La indignación le impidió contestarle. En su lugar, adoptó un silencio ofendido, mientras procedía a cortar con exquisito cuidado su filete.

—No te creas que se ven muchos así por aquí — siguió la doncella, simulando hacer la cama, aunque con poca pericia y menos ganas—. Se parece a esa estatua de mármol que tiene la señora Dolores en su habitación, una que le regaló un amante italiano. Ella le llama David; a la estatua, no al amante. — Sara soltó una risilla que sonó como una bisagra sin engrasar—. Seguro que tu hombre, cuando se queda como Dios lo trajo al mundo, tiene ese mismo cuerpo lleno de músculos, y ese trasero, y ese...

—Puedes dejar la cama como está. Ya la haré yo. — Coral dejó de fingir que comía y levantó el cuchillo, señalando con él a la doncella—. Supongo que tendrás otros quehaceres más urgentes.

Sara quiso añadir algo, pero Coral agitó el cuchillo, y la doncella palideció un poco. Aquella mosquita muerta la estaba amenazando con rajarla si seguía hablando de su hombre, y sin embargo, no perdía el gesto de señorita bien. Quién se creía que era. A fin de cuentas, no dejaba de ser una fulana como todas las de aquella casa.

—Ya me voy. Volveré luego a por la bandeja.

—Gracias — masculló Coral, apoyando el cuchillo sobre el plato.

La doncella salió, murmurando algo sobre señoritingas que se dan a la mala vida por vicio, aunque Coral no acabó de entender sus palabras.

Había perdido el apetito. Apartó la bandeja sobre la mesa y se puso en pie. De repente, un extraño desasosiego la invadía poco a poco, como una mano helada que se posara en su espalda. A su mente vinieron consejos y reconvenciones oídas desde niña — en sus pocos años de escuela, en la iglesia o de parte de sus mayores — sobre las mujeres que se perdían por sus malos instintos, por querer llevar una vida llena de lujos o por deseos inconfesables que, en el mejor de los casos, ocultaban terribles enfermedades mentales.
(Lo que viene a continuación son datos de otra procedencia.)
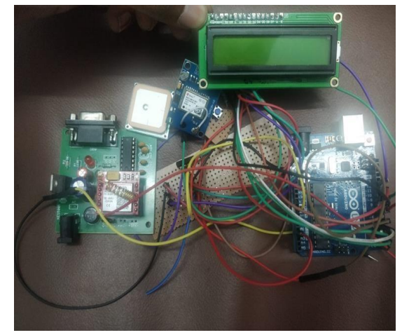
FIG 1: Experimental setup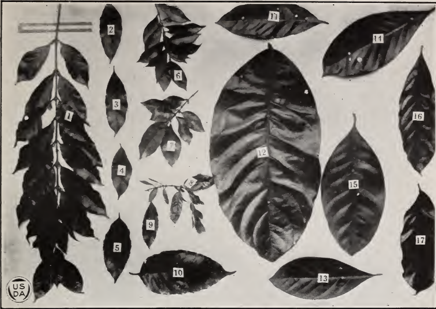
FIG. 1.—COFFEE FOLIAGE: 1, PORTO RICAN; 2, PADANG; 3, COLUMNARIS; 4, ERECTA; 5, BOURBON; 6, POINTED BOURBON; 7, SAN RAMÓN; 8, MURTA; 9, MOCHA; 10, MARAGOGIPE; 11, C. QUILLOU ; 12, C. DYBOWSKII ; 13, C. LIBERICA ; 14, C. DEWEVREI ; 15, C. EXCELSA ; 16, C. CANEPHORA ; 17, C. ROBUSTA .

Recordaba a su madre asintiendo con la cabeza cuando en los sermones dominicales, desde el púlpito, se exhortaba a las mujeres a ser discretas, recogidas, sencillas; a cuidar de su familia, de sus mayores, de su esposo e hijos, cuyo bienestar debía estar por delante del propio; a no tener mayor ambición en la vida que ser el ángel del hogar, la que lleva la comodidad, la tranquilidad y la felicidad a todos los que la rodean. Le habían enseñado que la mujer se somete al hombre con la única finalidad de darle hijos, en los que ella vuelca todas sus ansias y su amor, y en cuyo cuidado se siente por completo realizada.

Por el contrario, las mujeres que ansiaban ser independientes, libres, vivir su propia vida y disfrutar de los placeres como un hombre, eran vilipendiadas, expulsadas de la sociedad y condenadas al ostracismo en vida y al infierno tras la muerte.
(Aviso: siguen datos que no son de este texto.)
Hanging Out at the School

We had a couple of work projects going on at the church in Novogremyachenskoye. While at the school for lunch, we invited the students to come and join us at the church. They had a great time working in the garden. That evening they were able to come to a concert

El infierno. Coral se llevó una mano a la boca para ahogar un sollozo. ¿Qué era lo que había hecho? ¿Qué demonios se había introducido en su cuerpo para obligarla a convertirse en aquella criatura desconocida, sensual y lujuriosa?

Fuera lo que fuese, tenía que detenerlo ya. No podía permanecer en aquella casa. No podía seguir entregándose a un desconocido, dejando que la hundiera más y más en aquella vida licenciosa, pecando contra sus creencias y todo lo que le habían enseñado.

Salió de su habitación y corrió por el pasillo sin saber adónde se dirigía, con los ojos vidriosos y el cuerpo estremecido de horror. En el fondo vio una habitación más grande, que tenía la puerta abierta. Allí estaba Dolores, arreglándose su perfecto peinado ante el espejo.

—¿Qué te ocurre, criatura? — le preguntó al verla apoyada en el vano de la puerta, jadeando —.

¿Te sientes mal de nuevo?

—Yo... yo...

Sus piernas se doblaron, y todo se oscureció a su alrededor.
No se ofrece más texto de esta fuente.